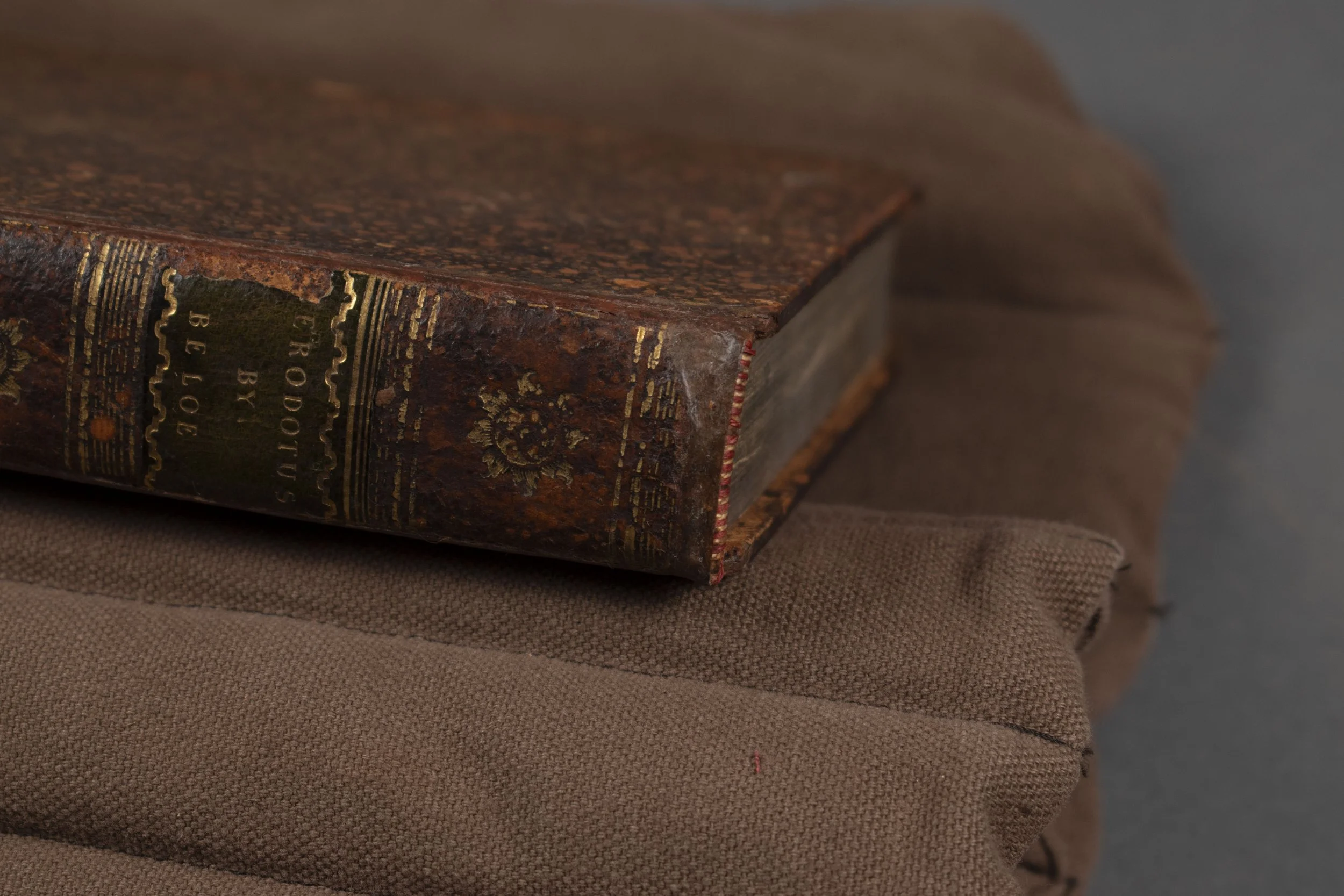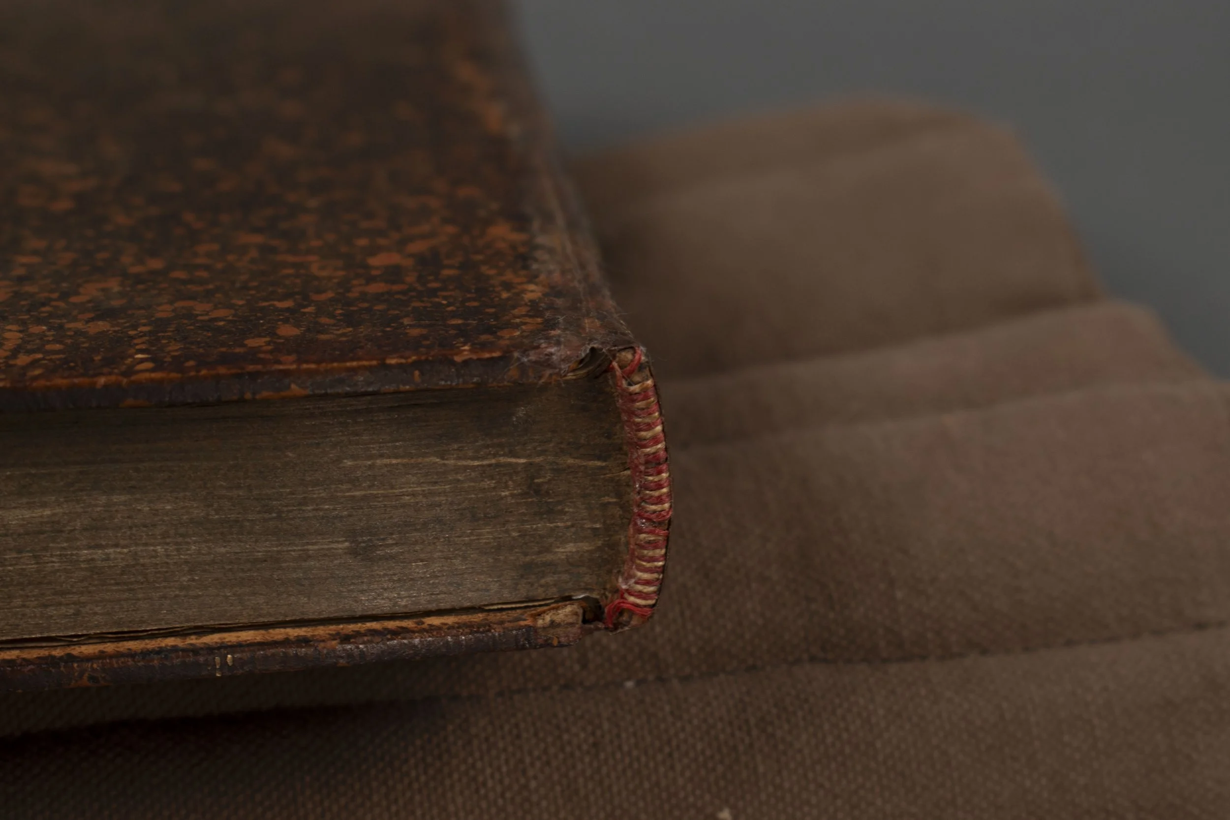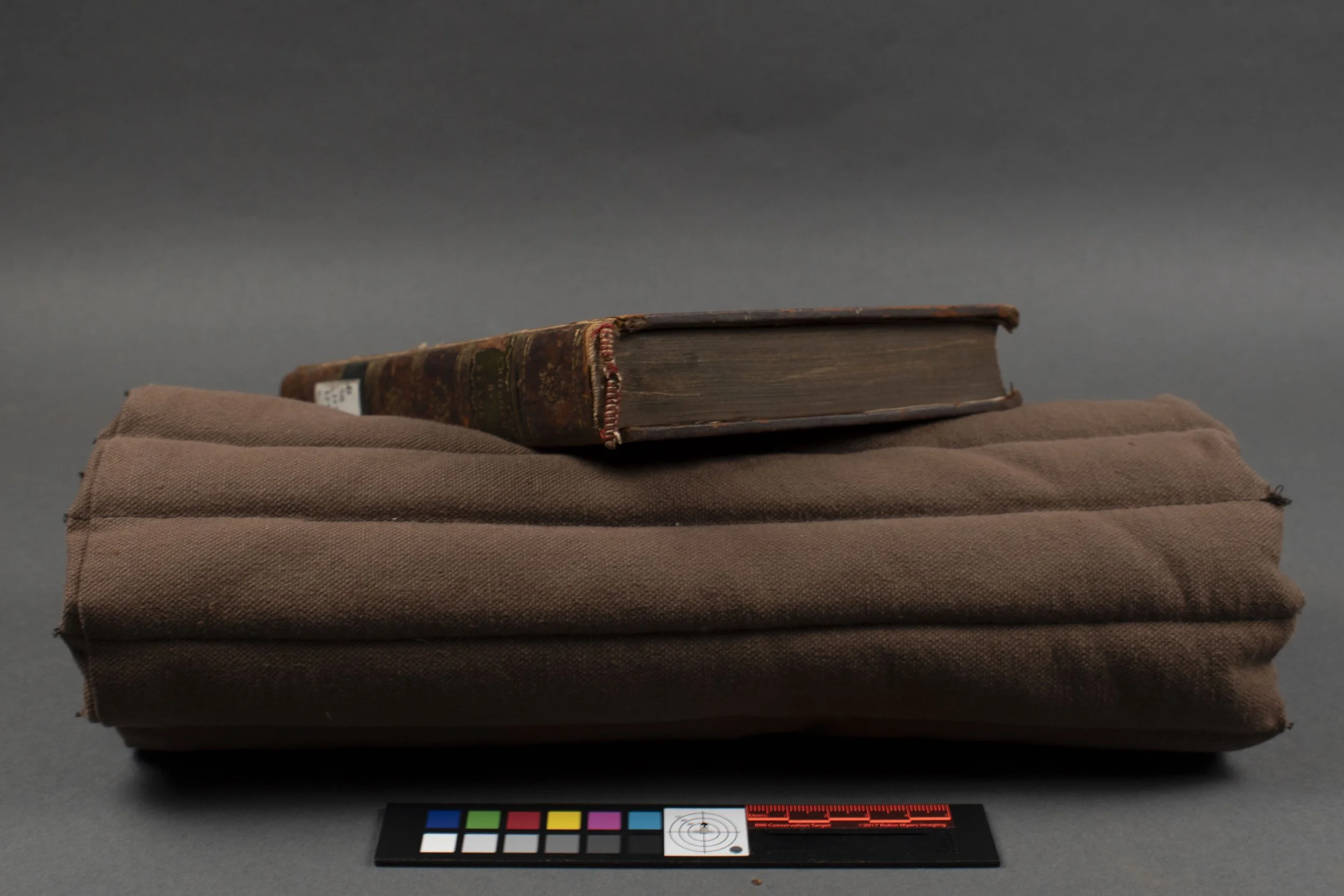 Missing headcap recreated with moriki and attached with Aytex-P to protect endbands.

-- -- --

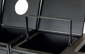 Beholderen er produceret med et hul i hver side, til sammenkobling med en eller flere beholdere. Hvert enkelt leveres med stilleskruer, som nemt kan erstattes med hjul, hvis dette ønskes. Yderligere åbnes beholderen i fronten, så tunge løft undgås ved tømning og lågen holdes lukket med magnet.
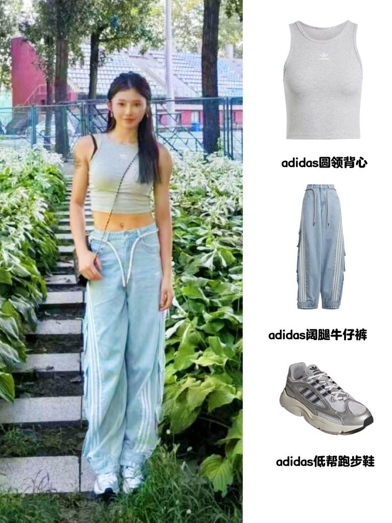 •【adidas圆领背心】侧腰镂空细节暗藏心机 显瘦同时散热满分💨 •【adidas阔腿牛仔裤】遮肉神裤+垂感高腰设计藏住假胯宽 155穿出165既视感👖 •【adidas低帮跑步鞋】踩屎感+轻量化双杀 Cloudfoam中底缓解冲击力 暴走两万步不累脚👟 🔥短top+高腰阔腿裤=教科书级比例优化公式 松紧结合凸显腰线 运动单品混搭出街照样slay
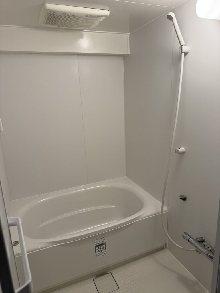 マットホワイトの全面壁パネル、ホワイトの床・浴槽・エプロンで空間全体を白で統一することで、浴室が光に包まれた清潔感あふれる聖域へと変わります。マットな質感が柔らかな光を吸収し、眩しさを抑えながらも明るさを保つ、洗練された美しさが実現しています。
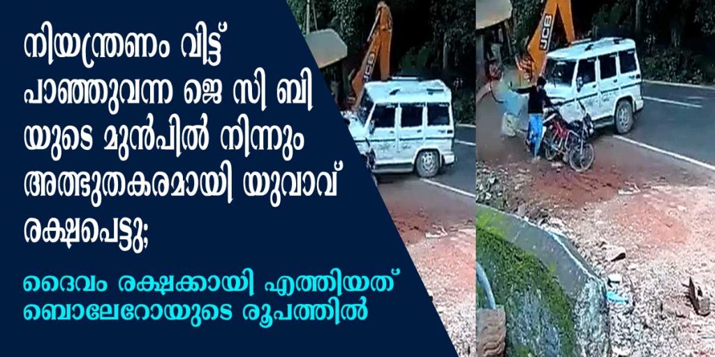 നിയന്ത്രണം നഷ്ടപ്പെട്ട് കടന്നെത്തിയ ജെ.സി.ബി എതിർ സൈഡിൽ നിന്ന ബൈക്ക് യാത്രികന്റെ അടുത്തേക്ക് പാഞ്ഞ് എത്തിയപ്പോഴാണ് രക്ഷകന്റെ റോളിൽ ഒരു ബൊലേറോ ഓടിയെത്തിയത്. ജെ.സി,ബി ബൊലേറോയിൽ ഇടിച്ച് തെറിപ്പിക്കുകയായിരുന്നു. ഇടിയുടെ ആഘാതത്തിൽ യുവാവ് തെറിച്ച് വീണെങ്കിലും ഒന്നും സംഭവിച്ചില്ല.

-- -- --

ACTIVITY »
Set down word for word the lines above from the one with "マットホワイトの全面壁パネル" up to and including the one with "നിയന്ത്രണം നഷ്ടപ്പെട്ട് കടന്നെത്തിയ". Omit every picture.

SOLUTION »
 マットホワイトの全面壁パネル、ホワイトの床・浴槽・エプロンで空間全体を白で統一することで、浴室が光に包まれた清潔感あふれる聖域へと変わります。マットな質感が柔らかな光を吸収し、眩しさを抑えながらも明るさを保つ、洗練された美しさが実現しています。
 നിയന്ത്രണം നഷ്ടപ്പെട്ട് കടന്നെത്തിയ ജെ.സി.ബി എതിർ സൈഡിൽ നിന്ന ബൈക്ക് യാത്രികന്റെ അടുത്തേക്ക് പാഞ്ഞ് എത്തിയപ്പോഴാണ് രക്ഷകന്റെ റോളിൽ ഒരു ബൊലേറോ ഓടിയെത്തിയത്. ജെ.സി,ബി ബൊലേറോയിൽ ഇടിച്ച് തെറിപ്പിക്കുകയായിരുന്നു. ഇടിയുടെ ആഘാതത്തിൽ യുവാവ് തെറിച്ച് വീണെങ്കിലും ഒന്നും സംഭവിച്ചില്ല.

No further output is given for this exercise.